This edition has much to recommend it for classroom use, including insightful introductory commentary on the play’s relationship to “Farce, City Comedy and Romance,” and four appendices. The appended material analyzes the use of proverbial language in the play, and provides superb contextual materials including extracts from the 1688 Gesta Grayorum, William Warner’s 159 translation of Plautus’s Menaechmi, and extracts from Acts and Ephesians from the 1560 Geneva Bible.
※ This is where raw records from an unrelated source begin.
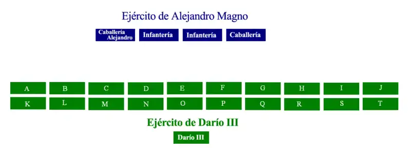 Alejandro Magno disponía de un ejército de 47 000 hombres, que eran pocos si los comparamos con los de Darío, quien según los historiadores modernos reunió entre 100 000 y 240 000 soldados (cifra máxima debido a los problemas de suministro). La técnica del "martillo" y del "yunque", que fue la clave de las victorias de Alejandro hasta entonces, ya no podía conducir a la victoria, pues era en efecto imposible rodear a la totalidad del ejército persa.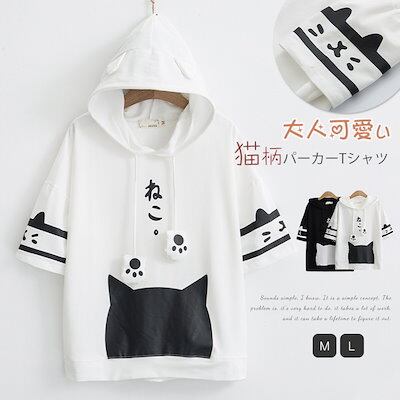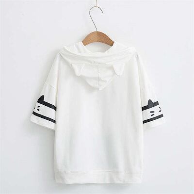 パーカー Tシャツ レディース スウェットフードパーカー トップス 半袖パーカー 綿 コットン フーディ プルオーバー 無地 トレーナー カジュアルスウェット プルオーバー 可愛いパーカーフード付き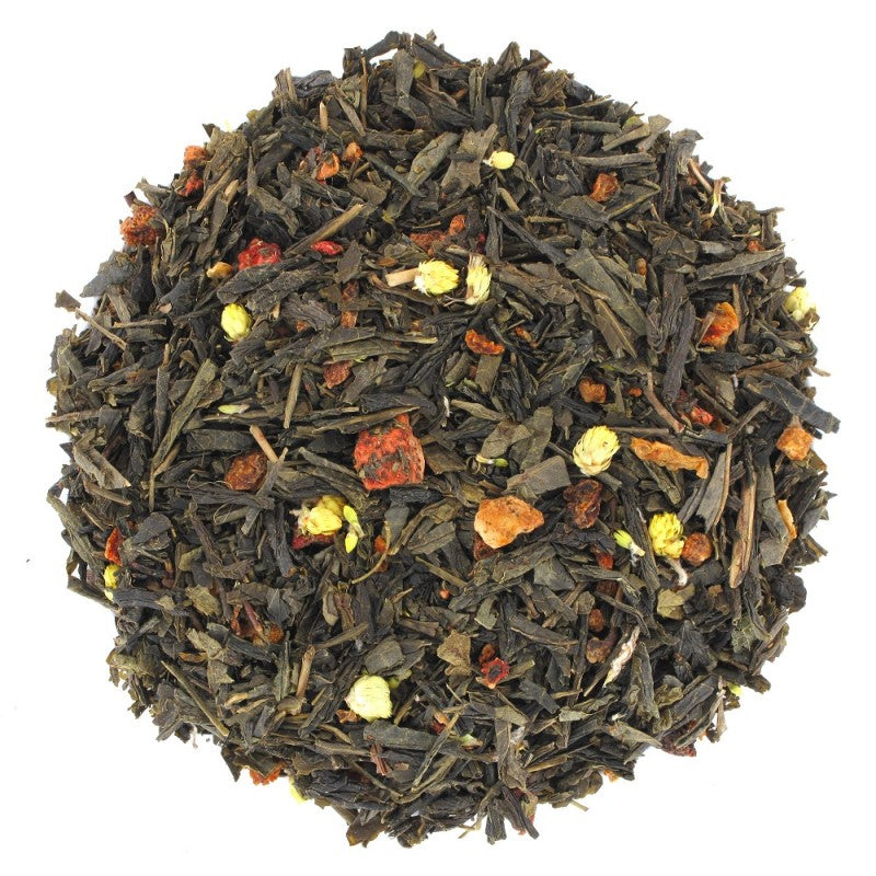 - Composition : Thé vert Sencha, écorces d'orange, morceaux de fraise, fleur d'immortelle, arôme naturel de fraise et d'orange.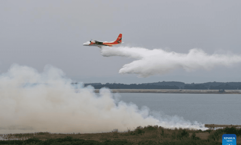 Air aviation news- The MA60 firefighting aircraft conducts the water drop over a simulated fire scene during an emergency rescue drill at the Zhanghe Airport in Jingmen, central China’s Hubei Province, Oct. 27, 2023. China’s independently-developed MA60 firefighting aircraft, a new member of the Modern Ark multipurpose aircraft family, is progressing forward on its airworthiness certification process, according to the Aviation Industry Corporation of China (AVIC). (Aviation Industry Corporation of China/Handout via Xinhua)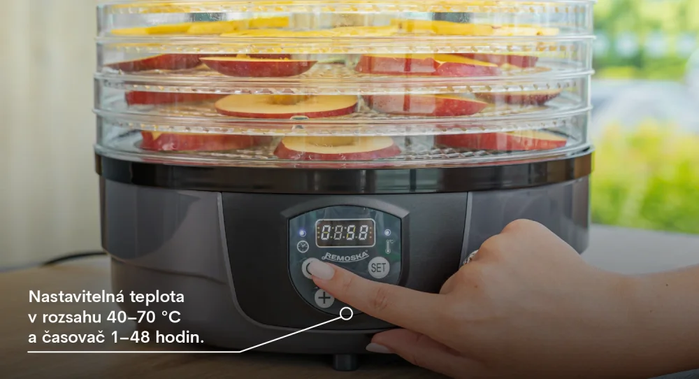 Díky nastavitelnému časovači (1–48 hodin) a teplotě (40–70 °C) dosáhnete se sušičkou potravin Remoska® Maria ideálních výsledků u všech druhů potravin – od jemných bylinek, přes šťavnaté ovoce až po maso. Velké sušící pláty o průměru 32 cm umožňují připravit větší množství pochoutek najednou, a velmi tichý provoz (≤55 dB) spolu s automatickým vypnutím zajišťuje bezpečnost a pohodlí i při nočním sušení.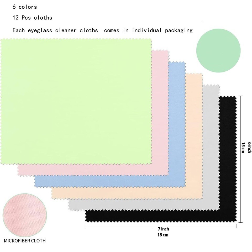 12PC Microfiber Cleaning Cloth for Glasses (6"x7") Premium Soft Eyeglass Cleaner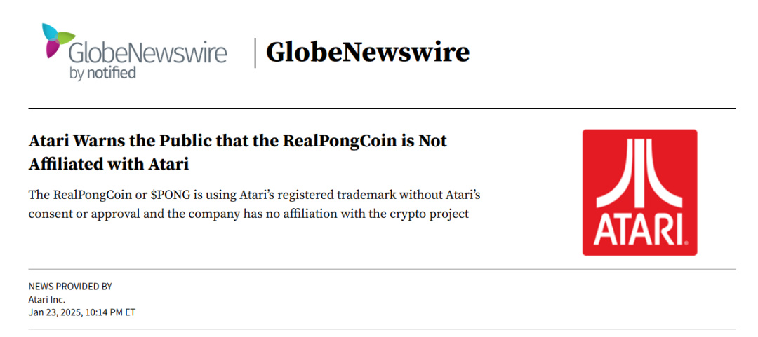 随即,雅达利公司(Atari)便公开声明RealPongCoin(或$PONG)与自己并无关系,强调该项目未经授权使用了其注册商标PONG,并警告公众该项目可能误导消费者。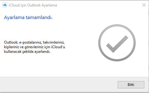 Programımız yüklendikten sonra Bitir butonuna tıklıyoruz ve iCloud, bilgisayarımıza yüklenmiş oluyor.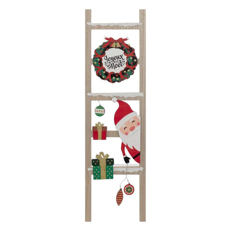 Pancarte échelle Joyeux Noël en bois avec Père Noël et couronne - H 65 cm

The notes are rich in detail, often providing an additional wealth of commentary in their own right.

Because Stage Directions in Hamlet consists of fourteen essays (plus an introduction by the editor, Hardin Aasand, and an afterword by Eric Rasmussen) it will be impossible to comment on all of the essays in detail here. “Stage Directions” is a term and concept with multivalent meanings in this collection, a fact that is not so well articulated in Aasand’s introductory essay as it might have been. In the essays that follow, “Stage Directions” are not limited to the rather literal treatment Aasand gives them in his introduction. Divided into three sections – Editing, Staging, Envisioning – the majority of the essays do not engage stage directions in a literal sense at all and in fact are more often connected by their interest in the tensions produced by textual variants between Q1, Q2, and F. While in some essays these variants specifically reside in explicit or embedded stage directions, more of the essays analyze other textual variants, often with concerns for the potential effects these variations might have on performance.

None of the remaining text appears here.